In this study, the stenosis MLD demonstrated a higher level of correlation with Qa (Figure 2(b)) than did percent estimated stenosis (Figure 2(a)) (r = 0.614 vs −0.336). The NKF KDOQI practice guidelines state that an AVF blood flow rate less than 400 to 500 mL/min should prompt a referral for evaluation and possible treatment. Using a value of <500 ml/min as a threshold, ROC curve analysis for measured stenosis, estimated stenosis, and stenosis MLD were performed (Figure 3). Among these, MLD analysis gave the best results with an AUC of 0.746, yet this value indicates only a fair predictive value. Sensitivity, specificity, PPV, and NPV of a range of MLD values for detecting three Qa cutoffs (<500, <600, and <800 mL/min) were calculated using this data (Table 3). It was found that MLDs ⩽2.0 and ⩽2.5 mm have high specificity for all three Qa cutoffs but lack sensitivity; whereas, MLDs of ⩽4.0 and ⩽4.5 mm have high sensitivity for detecting all three Qa cutoffs, but lack specificity. Taken together, this would suggest that in clinical practice, a MLD of >4.0–4.5 mm, based on angiographic images, could be used as a reliable indicator to nearly exclude low Qa (defined as <500 mL/min) with a high degree of certainty (Figure 2(b)). On the other end, a MLDs of ⩽2.0–2.5 mm do not have enough predictive value to render a statement pertaining to Qa cutoffs of <500 or <600 mL/min, but their importance would be to nearly exclude AVF with high flow (defined as Qa of ⩾800 mL/min; Figure 2(b)). MLD values between 2.5 and 4.0 mm were not sufficiently discriminatory to allow for greater granularity in clinical judgment.
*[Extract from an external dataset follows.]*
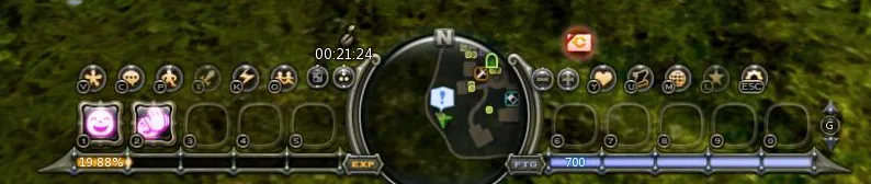 7) Снизу по центру располагаются панели умений (или смайлов в не боевом режиме), карта, шкала опыта, шкала FTG и основные функциональные кнопки.

The superiority of MLD as a metric for defining a clinically significant stenotic lesion is consistent with a previous study by Fahrtash et al. ² In that study, designed to evaluate the definition of a significant stenosis, it was found that a MLD of 2.7 mm, measured using duplex ultrasound, had greater than 90% sensitivity and 80% specificity in identifying a dysfunctional radiocephalic AVF. The same group of investigators, in a more recent follow up study, ¹⁰ acknowledged that such degree of accuracy may not be generalizable, but concluded that a MLD of >3.2 mm, measured by ultrasound, would nearly exclude AVFs with low Qa (defined as <600 mL/min). We consider this conclusion in line with our findings. We attribute the difference in MLD cutoff (3.2 in their study vs 4.0 in our study) to be due to differences in methodology (ultrasound vs angiographic assessment of MLD), as well as differences in AVF types and lesion selection (they studied only radiocephalic AVFs and inflow lesions, whereas we studied all types of AVFs and all lesion locations).
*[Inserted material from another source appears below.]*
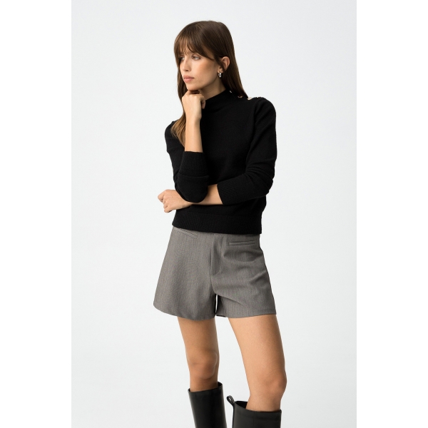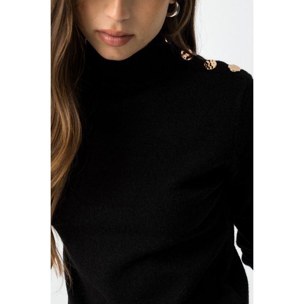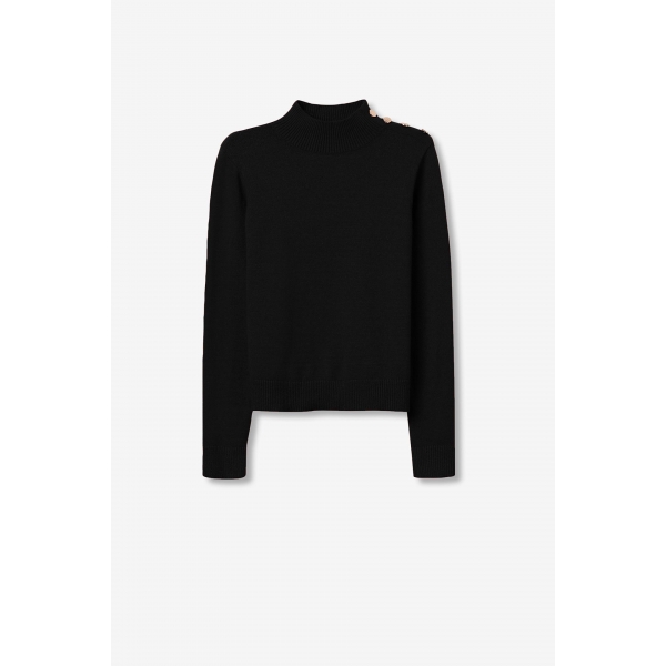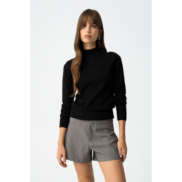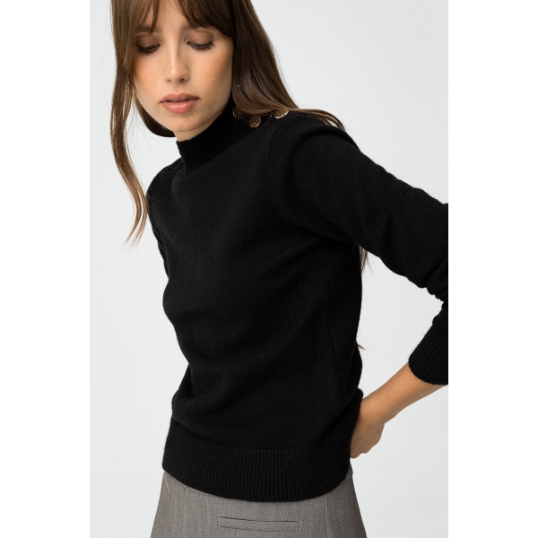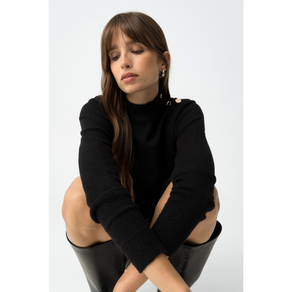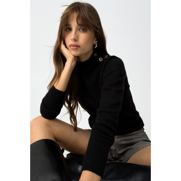 Jersey slim fit con botones metálicos en los hombros, cuello alto y manga larga (Fotos).

We acknowledge that our study has several limitations. We did not use orthogonal views to evaluate stenosis, and we did not factor in the length of lesion. A longer stenosis would influence Qa more than a shorter stenosis. However, to minimize this effect, we avoided including stenoses that are longer than 4 cm. The Qa values in our study were not standardized based upon systemic factors such as mean arterial blood pressure (MAP). Since Qa varies in proportion to changes in MAP,^11–13 variations in MAP can exert an independent change in Qa. Finally, this study included a variety of AVF types and a variety of types of stenotic lesions. A greater degree of uniformity in results might be possible by limiting these variables. Nevertheless, we believe that the value of our current study resides in the following: (1) it highlights the complexity of determining percent stenosis, (2) it shows that percent stenosis is a weak correlate of Qa, and (3) it supports the contention that a dialysis circuit stenosis MLD has important implications for Qa.